I am interested in the asymptotic behavior of sequences $(I_n)$ and $(J_n)$ as $n \rightarrow \infty$, where
$$I_n = \int_{1}^{\infty}\frac{e^{-nx^2}}{x^2}\, dx,$$
and
$$J_n = \int_{0}^{\infty}\frac{(1-e^{-x^2})^n}{x^2}\, dx.$$
In the first case, I integrated by parts to obtain
$$I_n = e^{-n} - 2\sqrt{n}\int_{\sqrt{n}}^{\infty}e^{-x^2}\,dx= e^{-n}-\sqrt{\pi n} \,\text{erfc}(\sqrt{n}). $$
The asymptotic behavior of the complementary error function is, of course, well-known (using repeated integration by parts) and I found
$$I_n \sim \frac{e^{-n}}{2n}.$$
Now I am having trouble with $J_n$ -- proceeding in the same manner or otherwise.

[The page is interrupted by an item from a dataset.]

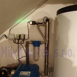 Úprava studniční vody pro potřeby rodinného domu. Odstranění kolísavého železa, vyšší tvrdosti vody a bakterií. Do tehnické místnosti ve sklepě byl nainstalován automatický filtr A35EXtreme, dávkovacího čerpadla 02/06 časového, na odstranění chloru poloautomatický uhlíkový filtr PA20UH. Pro bezproblémový chod filtru byl na vstup nainstalován Atlas filtr 10" se sítovou vložkou a na výstup Atlas filtr 10" s 5mcr.vložkou. Za poloautomatickým filtrem byl vytvořen bypass pro občasnou celkovou chloraci systému na přání zákazníka. V místě instalace se nachází tlaková nádoba, potrubí v plastu, elektrika a odpad. Po dvou měsících byla filtrační sestava doplněna o UV lampu LUXE 12.
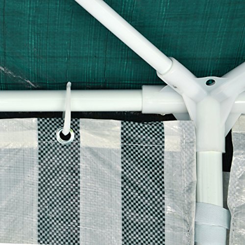 Da es bei Aktivitäten und Festen im Freien dazu kommen kann, dass Wolken aufziehen und etwas Regen fällt, ist es wichtig, dass man einen Unterschlupf hat, um die Party nicht absagen zu müssen. Deshalb ist die PE-Plane (110 g/m²) dieses Pavillons wasserdicht und schützt gut vor kleinen Regenschauern.

Making the change of variables $x = y\sqrt{\log n}$ transforms the integral into
$$ J_n = \frac{1}{\sqrt{\log n}} \int_0^\infty \frac{(1-e^{-y^2\log n})^n}{y^2}\,dy. $$
For $n > 1$ it can be shown that
$$ \left|\frac{(1-e^{-y^2\log n})^n}{y^2}\right| \leq \begin{cases} 1 & \text{if } 0 \leq y < 1 \\ 1/y^2 & \text{if } y \geq 1 \end{cases} \in L_1([0,\infty)) $$
and
$$ \lim_{n \to \infty} \frac{(1-e^{-y^2\log n})^n}{y^2} = \begin{cases} 0 & \text{if } 0 \leq y < 1 \\ 1/e & \text{if } y = 1 \\ 1/y^2 & \text{if } y > 1, \end{cases} $$
so by the dominated convergence theorem we have
$$ \lim_{n \to \infty} \int_0^\infty \frac{(1-e^{-y^2\log n})^n}{y^2}\,dy = \int_1^\infty \frac{dy}{y^2} = 1. $$
Thus
$$ J_n \sim \frac{1}{\sqrt{\log n}} $$
as $n \to \infty$.